Санкт-Петербург «Искусство-спб» (стр. 14 из 212)

Мишель Перро и Анн Мартен-Фюжье в главе «Артисты» (Les acteurs), помещенной в IV томе «Истории частной жизни», дают читателю, однако, совсем не описание театра. Речь идет о бытовом поведении нормальной семьи французского общества. Культ семейного уюта, быт семьи описывается как своеобразный театр. Особенно характерна глава М. Перро, озаглавленная «Персонажи и роли» (Figures et roles), воспроизводящая ритуал семейного лицедейства.

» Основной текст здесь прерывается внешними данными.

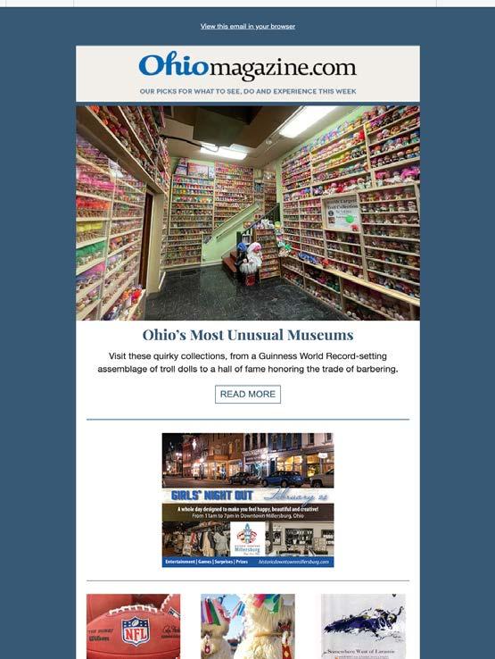 Stay connected with our email newsletters. Learn about fun events and festivals, explore our state’s food scene, get inspiration for outdoor adventures and find your next weekend getaway. Sign up by scanning the QR code or by visiting ohiomagazine.com/newsletters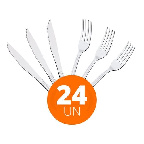OBS: Veja na descrição os itens que acompanham o jogo.COMPONENTES DO KIT:- 12 Faca para Churrasco 4 Búzios em Aço Inox - Tramontina 23750404- 12 Garfo de Mesa em Aço Inox Búzios - Tramontina 23762400Faca para Churrasco 4 Búzios em Aço Inox - Tramontina 23750404Garantia: 90 dias para vícios ou defeitos de fabricação- Ideal para Restaurante, Lancheria, Padaria, Linha Doméstica, Residência, Gourmet;- Talher produzido em aço inox que mantém a beleza, a higiene e a durabilidade.- Lâmina da faca tem maior durabilidade do fio devido ao tratamento térmico.- Pode ir à máquina de lavar louças facilitando seu dia a dia.- Peso Líquido: 0,032 kg.- Peso Bruto: 0,035 kg.- Dimensões Produto : 3cm A x 19cmL x 20cm P.Garfo de Mesa em Aço Inox Búzios - Tramontina 23762400Garantia: 90 dias para vícios ou defeitos de fabricação- Ideal para Restaurante, Lancheria, Padaria, Linha Doméstica, Residência, Gourmet;- Certificação NSF - Os produtos da Linha Búzios são certificados pela National Sanitation Foundation NSF , organização reconhecida como a autoridade internacional em segurança alimentar e práticas de higiene.- Pode ir à máquina de lavar louças facilitando seu dia a dia.- Peso Líquido: 0,020 kg.- Peso Bruto: 0,020 kg.- Dimensões Produto: 1,8cm A x 2,2cm L x 18,77cm P.

Таким образом, норма жизни переживается как театр. Это подразумевает, что сам описывающий вынужден пережить привычное как странное, то есть установить свою точку зрения где-то за пределами нормальных форм жизни, — ситуация, аналогичная случаям описания родного языка, что, естественно, требует той позиции отчуждения, на которую указывали еще формалисты. Естественное должно быть представлено как странное, извест­ное как неизвестное. Только в этом случае быт может рассматриваться как театр1.

Случаи, о которых мы будем далее говорить, имеют иной характер. Здесь сфера искусства — и, шире, любая семиотически отмеченная сфера — будет переживаться как нечто противоположное естественности. Жизнь и театр, с этой точки зрения, выступают как антиподы, именно их противоположность придает смысл и семиотическую ценность их смешению2.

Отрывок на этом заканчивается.